The “How to Start a Telemedicine Practice” course is still on sale for $197 until 4/13/20 at 11:59 EST. After this the price will go up to $247 indefinitely. This course will teach you how to open a telemedicine practice in one of these FPA states. I guarantee it. Check out the course HERE if you are interested in taking that next step to financial and professional freedom.

12 Responses

  1. I love your gusto for moving forward and finding ways for us to practice to our full licensure and education, but I would like to see you really encourage people to practice within their formal education and professional certification. I currently live and practice in Texas, and I cannot tell you how many NP’s I have seen in trouble for working outside their certification and licensure! I would like to see a little “pay attention” to the professional and national guidance to the types of patients NP’s are caring for. Every day, I see primary care NP’s working in ER’s thinking they can put in chest tubes and central lines when it is not within their professional scope of practice and they are losing their licenses! Again, I love your entrepreneurship, but I want everyone taking part in your information to do it correctly! Until NP’s become experts in their licenses and certifications, we are putting our licenses on the line, and even more scary- people’s lives at stake when doing things we weren’t formally trained for or licensed to do! Remember, we can’t “train ourselves” above our licensure and certification!

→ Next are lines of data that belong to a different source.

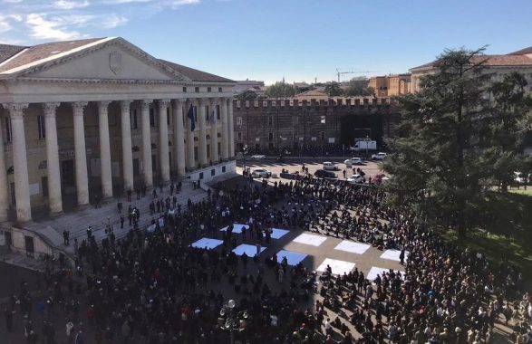 Erano diverse centinaia fra titolari di bar e ristoranti della città e della provincia, ma anche di altri settori economici. La manifestazione di Confcommercio, questa mattina in piazza Bra’, ha raccolto una larga adesione per manifestare contro la misure adottate con l’ultimo Dpcm. In particolare, per dire ‘no’ alla chiusura dei ristoranti e dei bar a partire dalle ore 18 e la totale sospensione di alcune attività come palestre, teatri, sale da concerto, da ballo e cinema.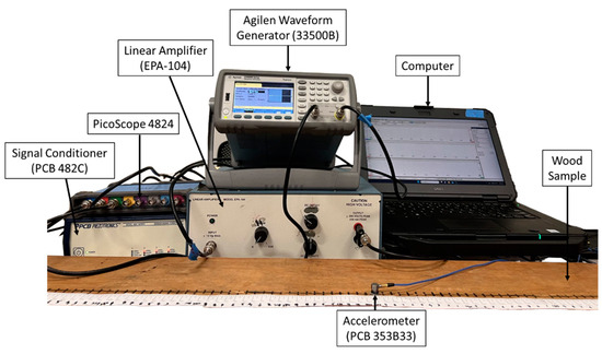An LVL bar from the same manufacturer and the same model number with a length of 2500 mm and a cross-section of 241.3 mm by 44.45 mm was used for the guided wave measurements. Both ends of the LVL bar were wrapped with clays to minimize wave reflections. A Lead Zirconate Titanate (PZT) disc (Navy type II, APC International, Ltd., Mackeyville, PA, USA) with a diameter of 14 mm and thickness of 12 mm was attached to the top surface of the LVL bar close to one end. A chirp voltage excitation swept from 1 to 12 kHz with an amplitude of 10 Volts Peak to Peak (Vpp) was configured via an Agilent 33500B series waveform generator (Agilent Technologies, Santa Clara, CA, USA). The chirp signal was set as 0.3 s long, amplified 20 times using an EPA-104 Linear Amplifier (Piezo Systems, Inc., Woburn, MA, USA), and applied on the PZT disc. Data collection was performed every 10 mm with a total of 200 measurement points. The out-of-plane wave motions were recorded at each data collection point using a uniaxial accelerometer (PCB model 353B33, PCB Piezotronics, Depew, NY, USA), which were first passed through a signal conditioner (PCB 482C, PCB Piezotronics, Depew, NY, USA) and then digitized by the Pico Scope 4824 (pico Tchnology, St. Neots, Cambridgeshire, UK) with a 1 MHz sampling frequency, as shown in Figure 3. Ten repetitive data collections were conducted and averaged for each point to improve the signal-to-noise ratio (SNR). The obtained temporal–spatial sampling of dynamic responses was then converted to dispersion relations in the frequency–wavenumber domain via 2D-FFT using the MATLAB signal processing toolbox.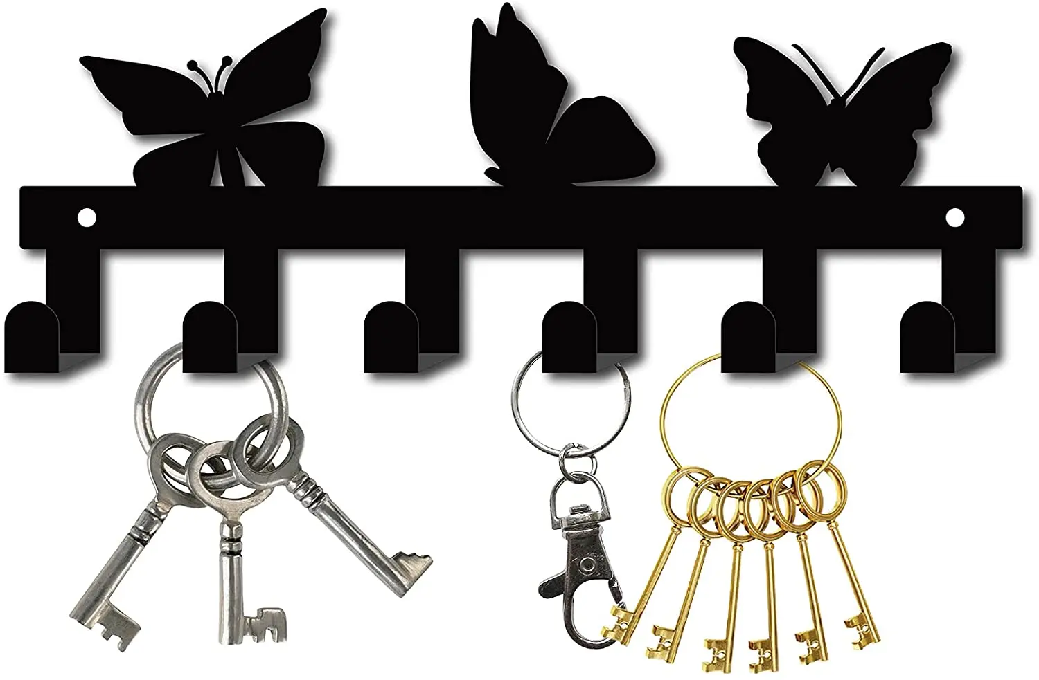 Черный держатель для ключей, настенная подвесная вешалка в форме бабочки, украшение с 6 крючками, ювелирный брелок, рюкзак, сумка для хранени...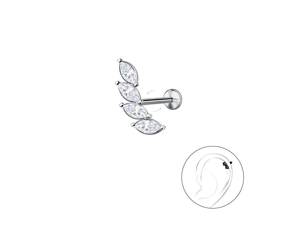 - Tento piercing typu labreta má plochou destičku na jedné straně a závitovou tyčinku na druhé, což umožňuje pohodlné a bezproblémové nošení šperku.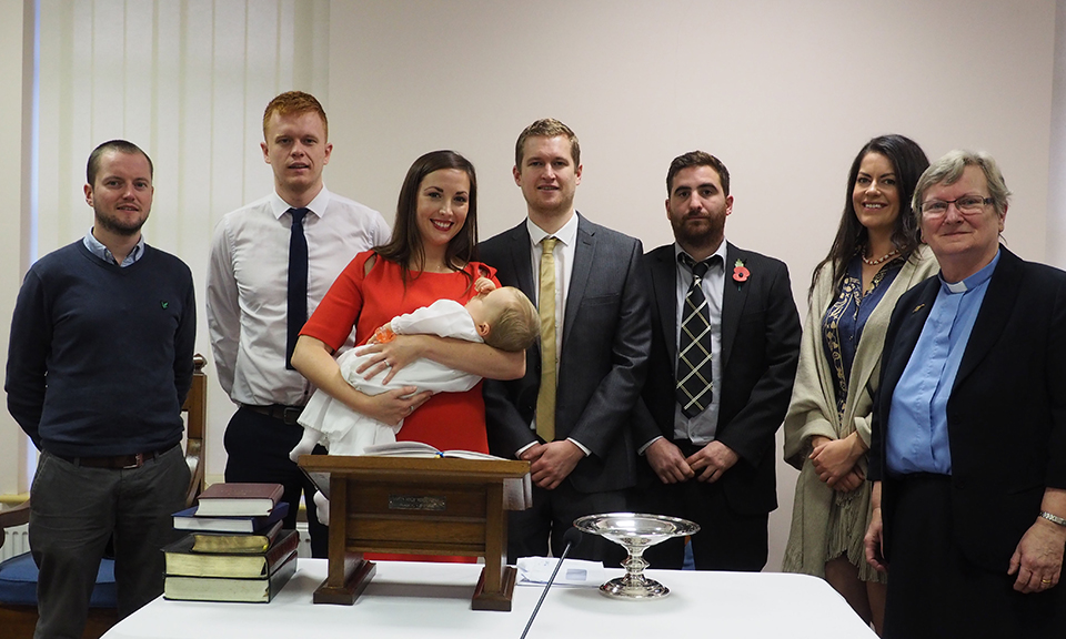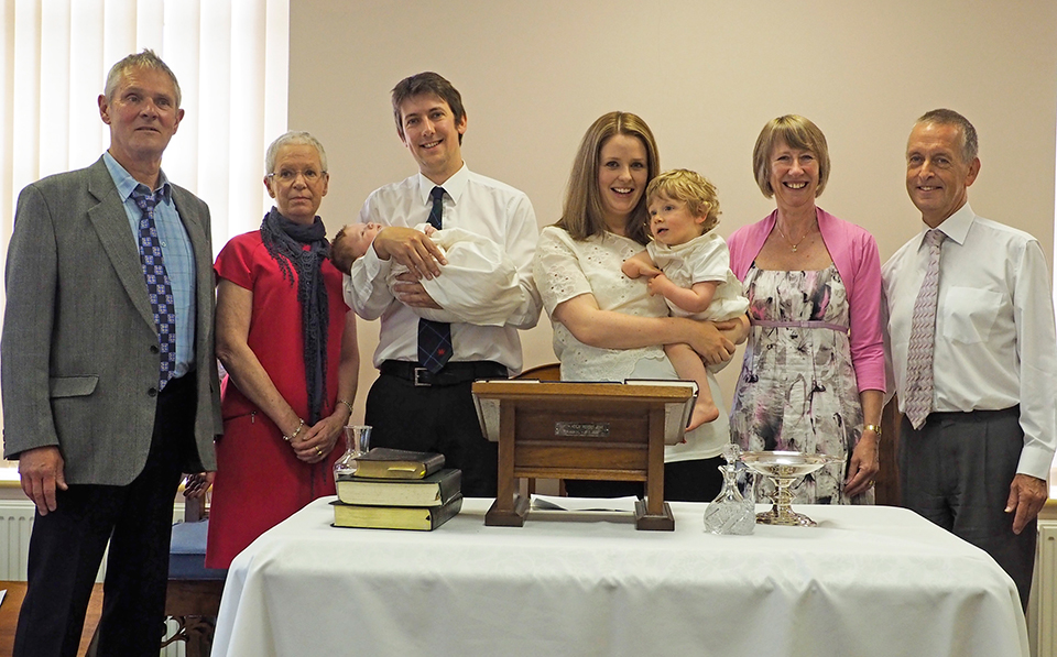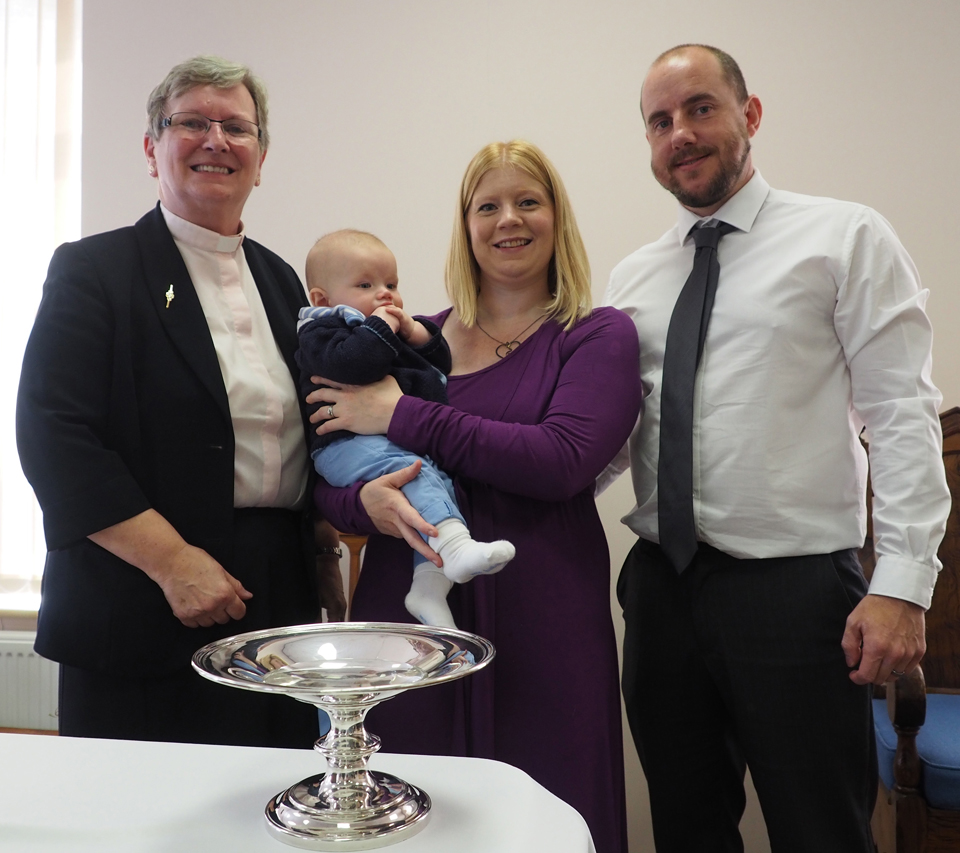 Cyflwynwyd y Dystysgrif Fedydd i'r rhieni gan Delyth Elias, ysgrifennydd yr eglwys a'r cyfeilydd oedd Karen Owen. Yn y llun gwelir y teulu yng nghwmni'r gweinidog.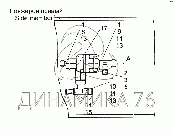 Перечень комплектующих от Установка двухмагистрального клапана на 65116
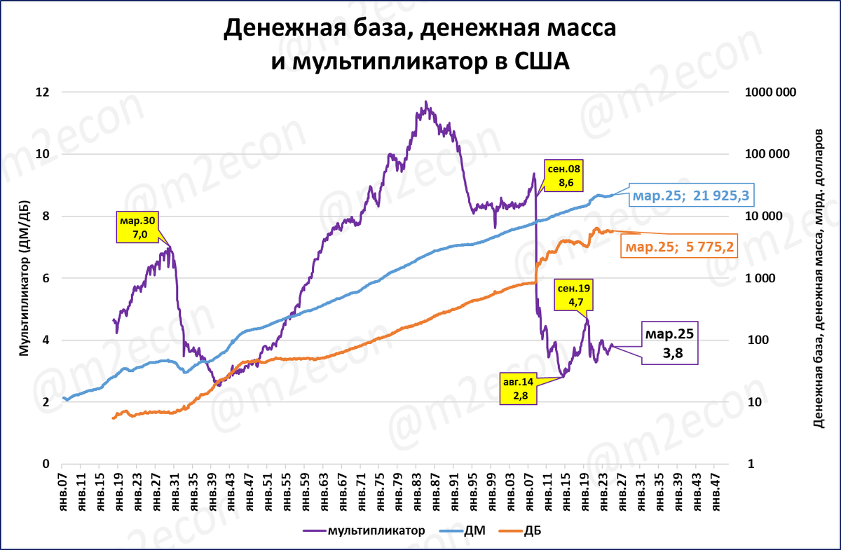 Отношение денежной массы к денежной базе в США (это и есть мультипликатор) в ходе многочисленных раундов количественного смягчения в 2008-2013 годах и ещё одного гигантского смягчения в 2020 году снизилось до 4.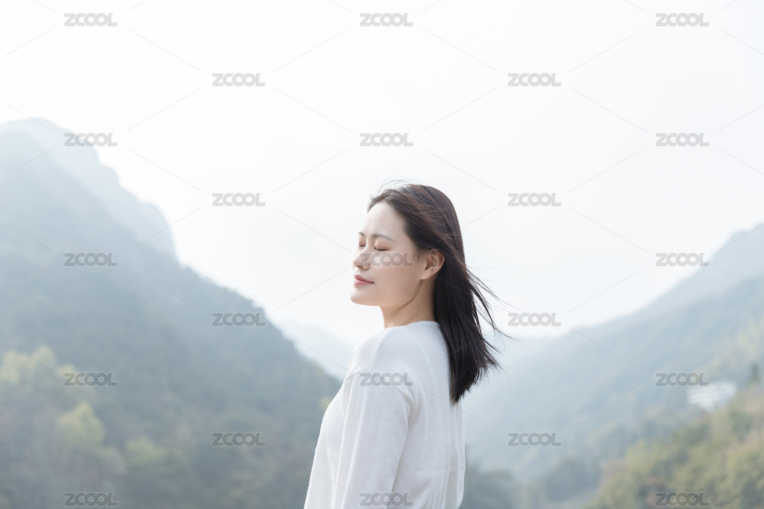 清新美女山间放松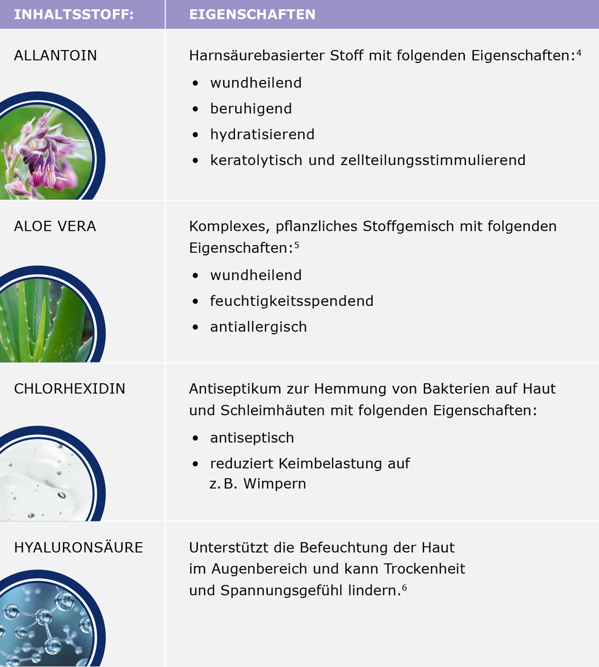 Quellen: 1. Berufsverband der Augenärzte Deutschlands e.V. (BVA), Deutsche Ophthalmologische Gesellschaft (DOG). Lidrandentzündung [Blepharitis]. 2024. 2. Jacobi C. Diagnostik und Therapie der Blepharitis/Meibomdrüsendysfunktion.21.11.2024. e.Medpedia – Springer Medizin Verlag GmbH. 3. Eberhardt M, Rammohan G. Blepharitis. 23.01.2023. StatPearls. 4. Araújo LU, et al. Acta Cir Bras. 2010;25(5):460-466. 5. Surjushe A, et al. Indian J Dermatol. 2008;53(4):163-6. 6. Guter M, Breunig M, Eur J Pharm Biopharm. 2017 Apr; 113:34-49.

    1. I agree with you. Do not do things outside of your scope of practice, but you can easily provide a multitude of services via telemedicine within your scope of practice!

  2. God, I couldn’t agree more with this! I used to live in GA and moved to CO a few years ago. Holy hell what a difference it made. I never thought about telemedicine though, that is brilliant!

  3. I never thought about doing this. I am so sick of having a MD supervisor… I have been practicing for 14 years now as a FNP but I do not have the luxury of moving to a FPA state. I am going to look into obtaining licenses elsewhere. Thank you for what you are doing for the NP community! We needed this.

    1. Tiffany,

      Anything you want… Literally whatever you want to do. I am focusing on short term rental properties. It has NOTHING to do with being an NP. My suggestion is to focus on things outside of medicine. The world outside of medicine is sooooo much better… No regulation… No significant liabilities… No headaches…

  4. I’m am very interested in telemedicine because I live in a restricted state. My question is what do you do when a patient is in one of the restricted states and you can’t provide care? Do you tell them, sorry, I can only see patients in these 25 full practice authority states and you don’t live in one of those?


    1. Yep, just tell them sorry basically… You should only be seeing patients in the states you are located in anyways because that is where you are marketing

  5. I like the idea of practicing telemedicine in a FPA state. If one lives in a restricted state but want to open up a telemedicine practice in a FPA state (that one is also licensed in). In your experience is the process of registering solely a telemedicine company (say an LLC) as a NP in a FPA the same as registering a brick and mortar practice/company? or does one have to register the business under a special category?

  6. Thank you SO much Justin for sharing all of your wisdom and experiences with us! Do you happen to know where is the best place to actually find telemedicine laws specific to our state? I am closer each day to starting a telehealth business, but I need to find my states laws to review. More specifically, I want to determine if any in-person visits are required before managing a patient over telehealth.